In truth, clarity appears to be some way off. Former High Court judge Lord Bonomy had been charged with heading up an 18-strong reference group – representation from Rape Crisis Scotland and Scottish Women’s Aid was added to the original membership – to look at additional safeguards and other areas of criminal law where changes might be necessary should corroboration be scrapped.

However, the group – which was announced in rather hasty fashion to coincide with the Justice Committee refusing to endorse the change at Stage 1 – is not expected to report until spring 2015. Its recommendations, which could touch on everything from the circumstances in which evidence ought to be excluded through to whether a judge should be able to remove a case from a jury, were then to be enacted via secondary legislation to synchronise with the withdrawal of corroboration from Scots law.

Or at least they were until last week.
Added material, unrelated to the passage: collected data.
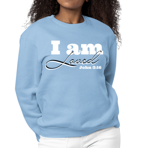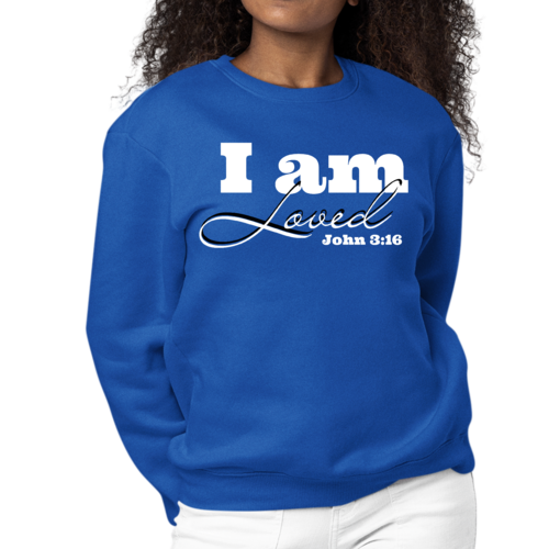 Introducing our Women's Graphic Sweatshirt featuring the uplifting message 'I Am Loved' inspired by John 3:16. This sweatshirt is not just a piece of clothing; it’s a statement of faith and comfort. Made from a durable 50/50 cotton and polyester blend, it ensures you stay cozy while showcasing your love for scripture. The long sleeve design makes it perfect for layering during cooler months, while the crewneck style offers a classic look that pairs well with any outfit.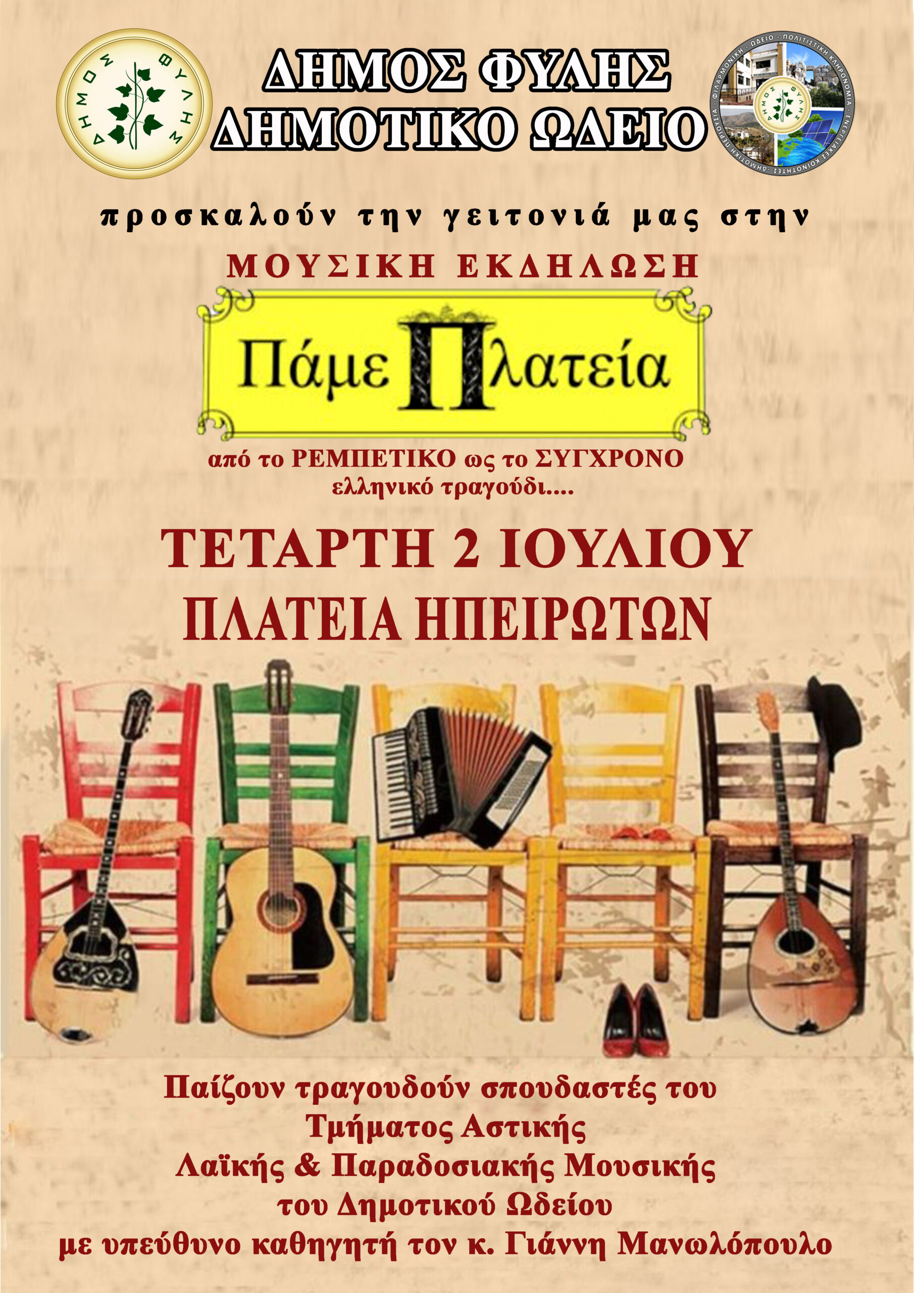 Ο Δήμος Φυλής και το Δημοτικό Ωδείο σας προσκαλούν σε μια σειρά μουσικών εκδηλώσεων στις γειτονιές του Δήμου με τίτλο:«Πάμε Πλατεία!»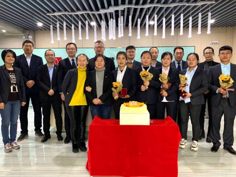 青海金易達(dá)總經(jīng)理丁云艷為司齡新晉5年和10年老員工佩戴金銀徽章,與全體員工共同送出對萬華21歲生日的祝福
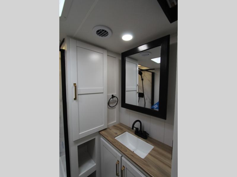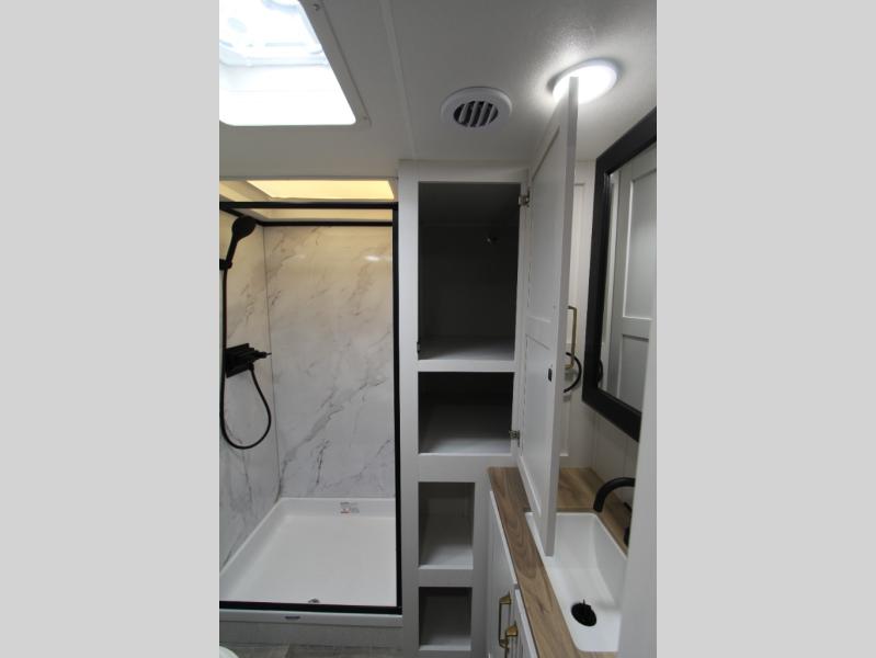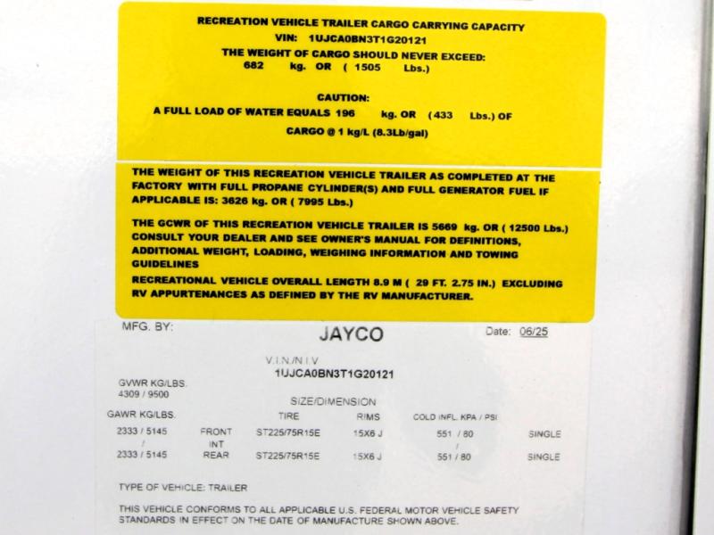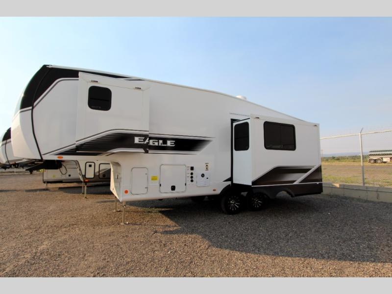 With any Eagle SLE fifth wheel by Jayco, you will enjoy a lighter tow weight, high-end finishes, and the same quality construction you've come to expect from Jayco! There is an Alpha Ply TPO roof membrane, a fully enclosed and heated underbelly, plus Stronghold VBL walls for added durability. There is also a rear 2" towing receiver outside, along with metal slam latch baggage doors, MORryde Step Above entry steps, and a Winegard Air 360 antenna with router prep if you want to stay connected as you camp. Once inside you'll enjoy the handcrafted and glazed door/drawer fronts, blackout pleated shades throughout, and residential vinyl flooring throughout with no carpet for an easier clean. The on-demand water heater, 30K BTU furnace, and 15K BTU "Whisper Quiet" A/C will ensure your comfort year around, and the optional Overland 1 Solar Package can be added if you need off-grid capabilities!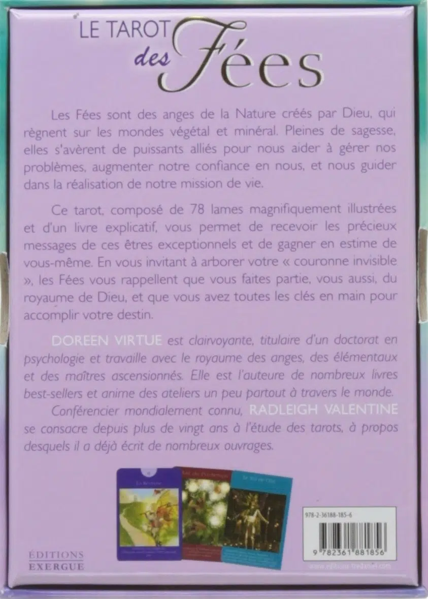 Ce tarot, composé de 78 lames magnifiquement illustrées et d'un livre explicatif, vous permet de recevoir les précieux messages de ces êtres exceptionnels et de gagner en estime de vous-même. En vous invitant à arborer votre « couronne invisible », les Fées vous rappellent que vous faites partie, vous aussi, du royaume de Dieu, et que vous avez toutes les clés en main pour accomplir votre destin.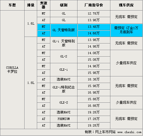 據一汽豐田4S店銷售人員介紹:目前2.0L排量的運動版車型無現(xiàn)車銷售,購買其他車型則可以享受到8000元——10000元的現(xiàn)金優(yōu)惠。入門級的1.6 MT GL版車型售價降到了12.18萬元,高配的1.8 AT PREMIUM版經10000元優(yōu)惠后,售價也降到了16.28萬元。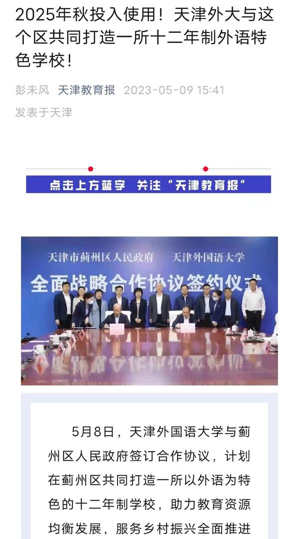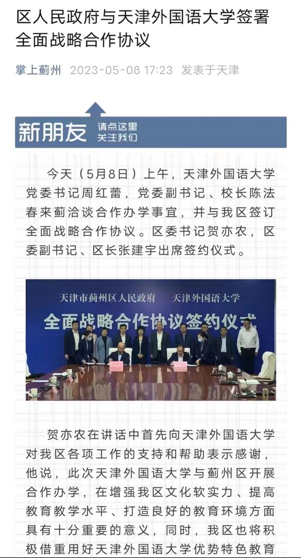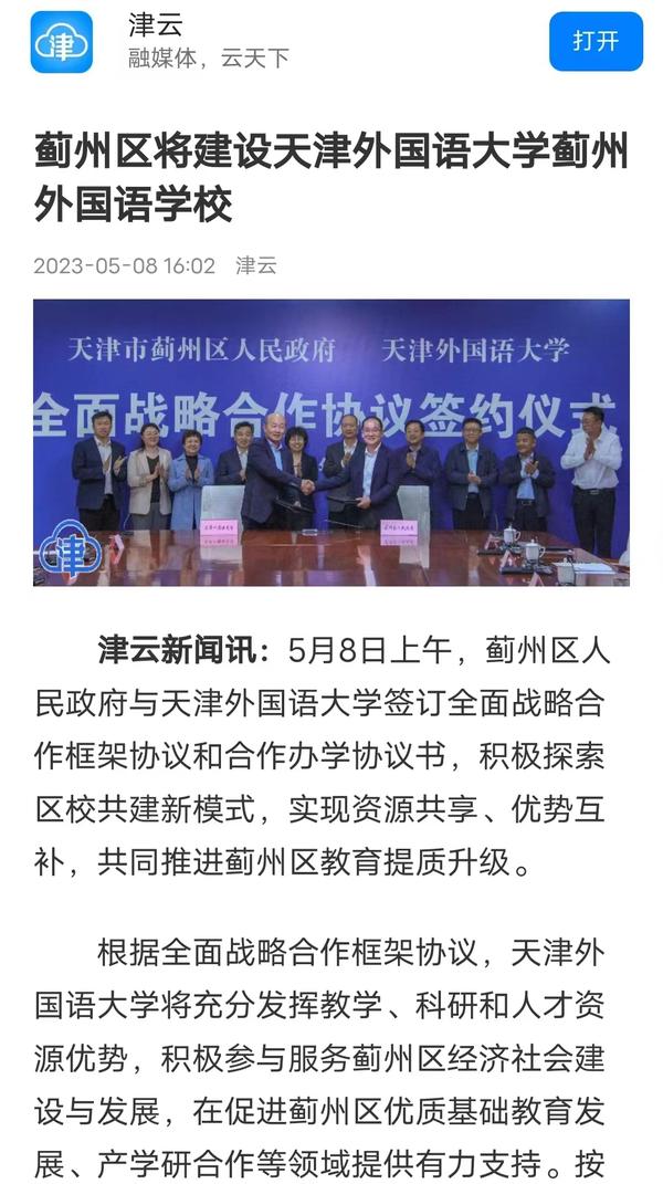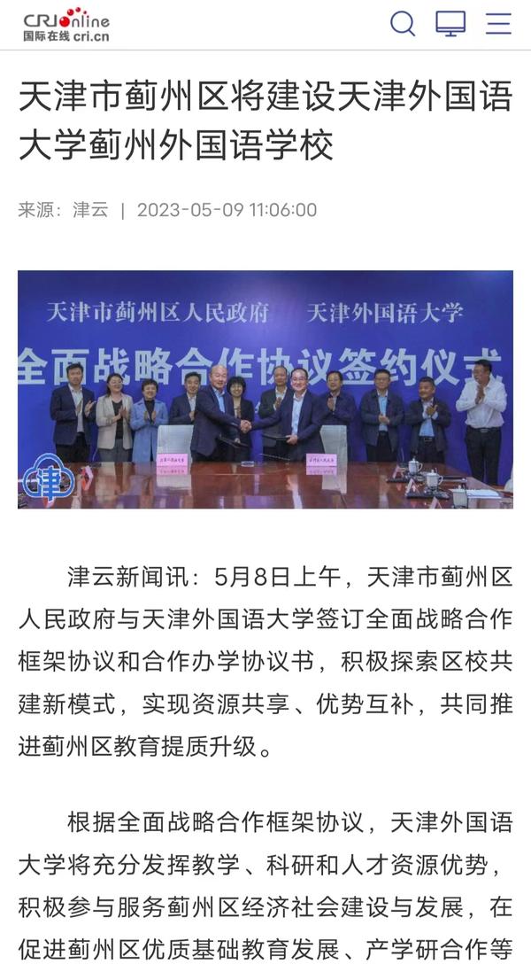 5月8日,蓟州区人民政府与开云登陆入口签订全面战略合作框架协议和合作办学协议书,积极探索区校共建新模式,实现资源共享、优势互补,共同推进蓟州区教育提质升级。双方合作共建开云登陆入口蓟州外国语学校,将进一步优化天津市蓟州区教育资源配置,提升教育质量和办学水平。中国新闻网、国际在线、天津日报、津云、天津教育报、掌上蓟州等多家媒体对此进行了报道。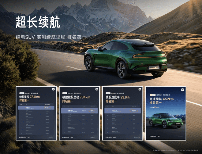小米YU7在上市后经历了业界罕见的"百万严选"大考,在易车、汽车之家、懂车帝三大权威汽车媒体的测试中共计取得13项第一名,涵盖加速、续航、操控、补能、制动等多个核心性能维度。在用户最关心的续航方面,小米YU7表现尤为突出:在易车和汽车之家的测试中均取得784km的续航成绩,位列SUV类别第一名;在懂车帝的高速续航测试中也以652km的成绩获得SUV类别第一。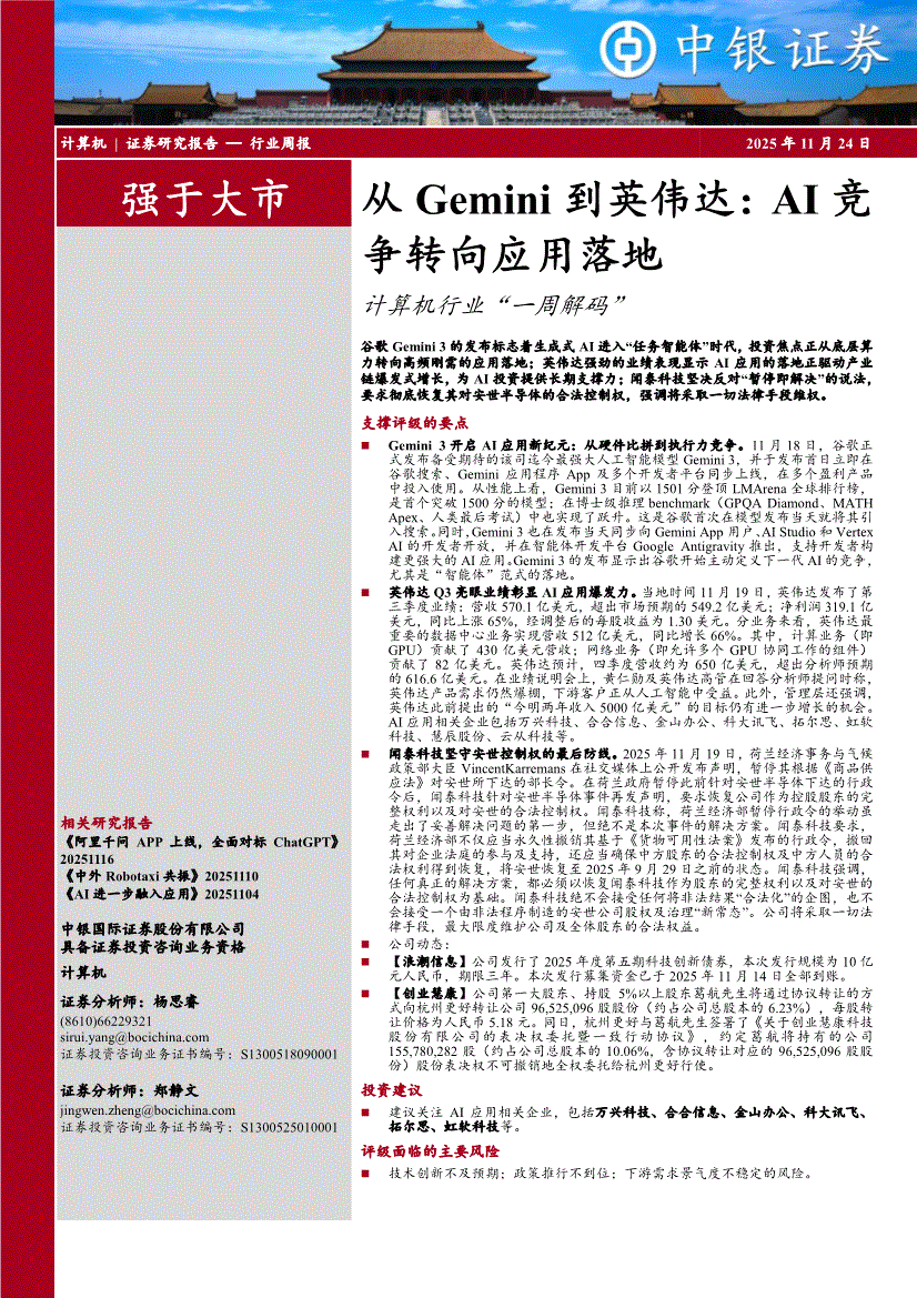 计算机行业:中银国际-计算机行业“一周解码”:从Gemini到英伟达,AI竞争转向应用落地-251124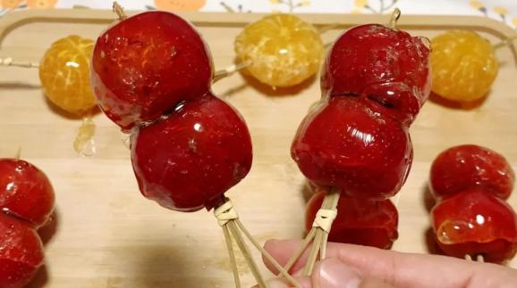 准备好的冰糖葫芦可以放在保鲜袋或油纸上。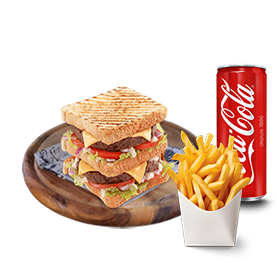 3 Pains de mie, 2 steaks, fromage, oeuf + Frites + 1 Boisson 33cl au choix..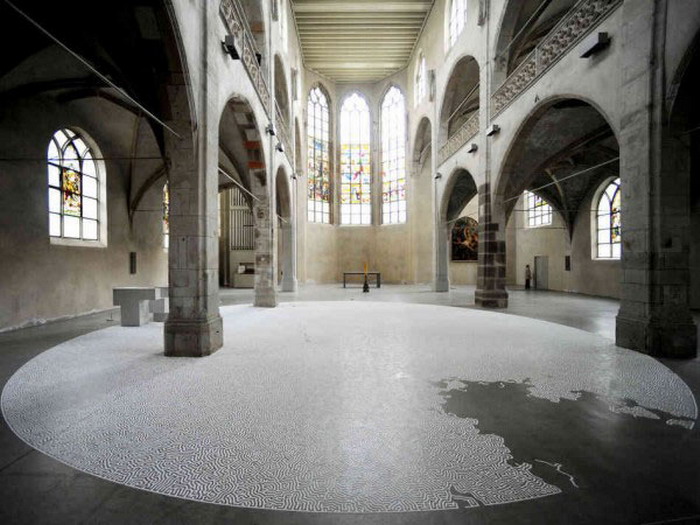 在日本传统信仰中,盐除了能用于调味消毒等较日常化的方面之外,还有哀悼、净化与驱邪的功能,所以撒盐成为了日本丧礼上必不可少的仪式。由于妹妹正值花季,却被脑癌夺去生命,极度痛苦的日本艺术家Motoi Yamamoto开始用盐来创作出落樱、迷宫、盐墙与漩涡等图画与雕塑,以表达对爱妹的深切思念。 有点类似于我们见惯的沙画和沙雕,这些以普通食用盐来作为素材描绘堆砌的作品有的错综复杂,有的则直白简单却透著孤寂。虽然盐细腻洁白,平铺开来就像刚下了一场大雪,能够顷刻唤醒心中的安宁平静,但这成千上百斤盐的背后却藏着艺术家记忆深处的一段段难以言表的无尽痛楚。 虽然这个艺术故事的开始让人悲伤,但Motoi Yamamoto对盐这种物质的控制力确实非常了得,如果你对他的创作颇感兴趣,那么可以登入motoi欣赏更多作品,以及他近期在北卡罗来纳州的Mint Museum展出的新作。 ##########NextPage########## ##########NextPage########## |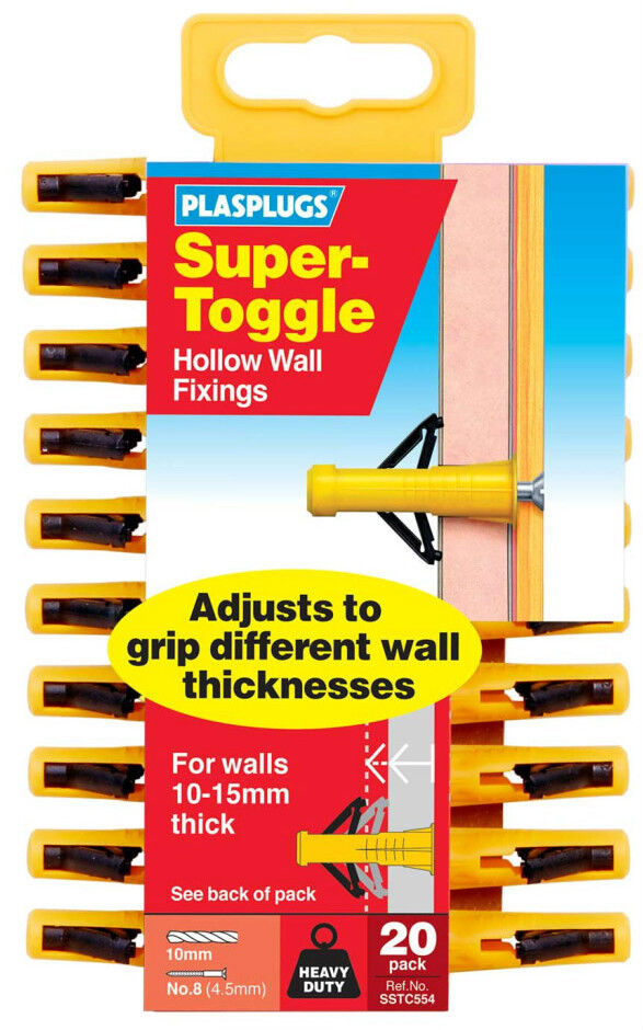 Plasplugs Super Toggle Plasterboard Plugs Hollow Wall Fixings Pack Of 20 Plugs

With just six days to go before the Bill returned to committee, the Scottish Government announced Stage 2 deliberations would be suspended until after Bonomy delivers his findings. “Let’s face it, the secondary legislation could have been a thicker document than the Act itself,” says Cruickshank, a member of the Bonomy reference group.

“If corroboration is something that we can do without and we’re happy to say we can do without it, well, we shouldn’t really have to look at replacement safeguards,” says Cruickshank. “But if you’re saying we have to have replacement safeguards, there is no case to abolish the requirement for corroboration until we know exactly what the safeguards are to be. We were doing it in reverse.”

Included within the Bill, for instance, is a provision to increase the number of jurors required for a majority guilty verdict from a simple 8-7 to 10-5. Yet, jury majority and size had subsequently been included within the remit of Bonomy.

“The idea that you are seeking or kind of forcing, I suppose, your party, which has the overall majority, to vote for something in legislation which nobody can actually know what it means at this stage is farcical,” McConnachie told Holyrood ahead of the timetabling change. “It’s ‘vote to abolish this cornerstone of Scottish justice and you might in due course get something else in its place but we’re not going to tell you what it is’. I don’t understand it – it’s ludicrous.”

From a legal point of view, a review of further safeguards was necessary in going some way to assuage the concerns of judges and some members of the legal profession. From a political point of view, it simultaneously strengthened and weakened the Cabinet Secretary’s case, signalling a willingness to listen while at the same time bolstering critics’ arguments that too much remained unanswered this far into the legislative process and, indeed, would remain so even once the final votes at Stage 3 had been counted.

Last week’s announcement of a delay in the parliamentary process does not signal a black and white defeat for the Justice Secretary given he remains committed to the reform. Indeed, MacAskill said the decision would have “minimal impact” on the overall timetable for the legislation. It remains to be seen whether the same can be said for his reputation.